John Gregory Dunne - Life and Career

Life and Career

Dunne was born in Hartford, Connecticut, and was a younger brother of author Dominick Dunne. He was the son of Dorothy Frances (née Burns) and Richard Edwin Dunne, a hospital chief of staff and prominent heart surgeon. His Irish Catholic family was wealthy; his maternal grandfather, Dominick Francis Burns, founded the Park Street Trust Company.

He suffered from a severe stutter and took up writing to express himself. Eventually he learned to speak normally by observing others. He attended the Portsmouth Priory School and graduated from Princeton University in 1954, where he was member of the Tiger Inn, and worked as a journalist for Time magazine. He credited the political essayist Noel Parmentel with being his mentor in many ways.

He met Joan Didion in New York in the 1950s, where she was an editor at Vogue. In a 2005 interview Didion recalled, "We amused each other and I thought he was smart. He knew a lot of stuff that I didn't know, like politics and history - I had managed to go through school without learning much except a lot of poems." Having invited her to travel up to Connecticut one weekend in 1963 to visit his family, New England Irish Catholic, with six children, Didion said she "liked the set-up, liked being there, and liked him." He married Didion on January 30, 1964, at Mission San Juan Bautista in California. He was 31 and she 29. They moved to a remote house on the California coast as Didion thought about a follow-up to her first novel, Run, River, and Dunne worked on a book about the California grape pickers' strike, and they wrote a joint by-lined column for the Saturday Evening Post magazine. Unable to have children, in 1966 they adopted a baby at birth and named her Quintana Roo, after the Mexican state.

Dunne and Didion gradually picked up writing work from book publishers and magazines, travelled together on journalism assignments, and established a working pattern that served for the next 40 years, a constant advising, consulting and editing collaboration. Critically acclaimed bestselling books followed for both - including for Dunne, The Studio, his non-fiction account of 20th Century Fox, and they became collaborators on a series of screenplays, including The Panic in Needle Park (1971), A Star Is Born (1976) and True Confessions (1981), an adaptation of his own novel. He was the author of a further non-fiction book about Hollywood, Monster: Living Off the Big Screen.

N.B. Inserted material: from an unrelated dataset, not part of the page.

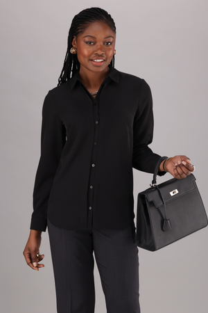 The classic buttoned , long sleeve blouse is the perfect easy care office blouse for everyday wear. Its timeless design and buttoned detailing make it a versatile addition to any professional wardrobe. Featuring a fitted fit, offers both style and comfort.
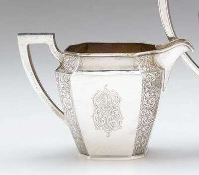 Oblong octagonal form with alternating panels of engraved floral and scroll motif.

As a literary critic and essayist, he was a frequent contributor to The New York Review of Books. His essays were collected in two books, Quintana & Friends and Crooning.

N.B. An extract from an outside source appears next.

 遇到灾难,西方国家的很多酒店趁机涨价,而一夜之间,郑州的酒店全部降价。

He wrote several novels, among them True Confessions, based loosely on the Black Dahlia murder, and Dutch Shea, Jr..

He was the writer and narrator of the 1990 PBS documentary L.A. is It with John Gregory Dunne, in which he guided viewers through the cultural landscape of Los Angeles.

He died in Manhattan, New York of a heart attack, in December 2003. His final novel, Nothing Lost, which was in galleys at the time of his death, was published in 2004.

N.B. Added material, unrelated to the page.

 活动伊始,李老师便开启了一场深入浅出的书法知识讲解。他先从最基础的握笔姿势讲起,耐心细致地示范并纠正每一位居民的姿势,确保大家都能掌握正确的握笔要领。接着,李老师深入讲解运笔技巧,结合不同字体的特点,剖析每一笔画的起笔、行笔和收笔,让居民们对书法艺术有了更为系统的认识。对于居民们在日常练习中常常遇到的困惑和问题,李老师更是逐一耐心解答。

He was father to Quintana Roo Dunne, who died in 2005 after a series of illnesses, and uncle to actors Griffin Dunne (who co-starred in An American Werewolf in London) and Dominique Dunne (who co-starred in Poltergeist).

His wife, Joan Didion, published The Year of Magical Thinking in October 2005 to critical acclaim, a memoir of the year following his death, during which their daughter, Quintana Roo Dunne, was seriously ill. It won the National Book Award.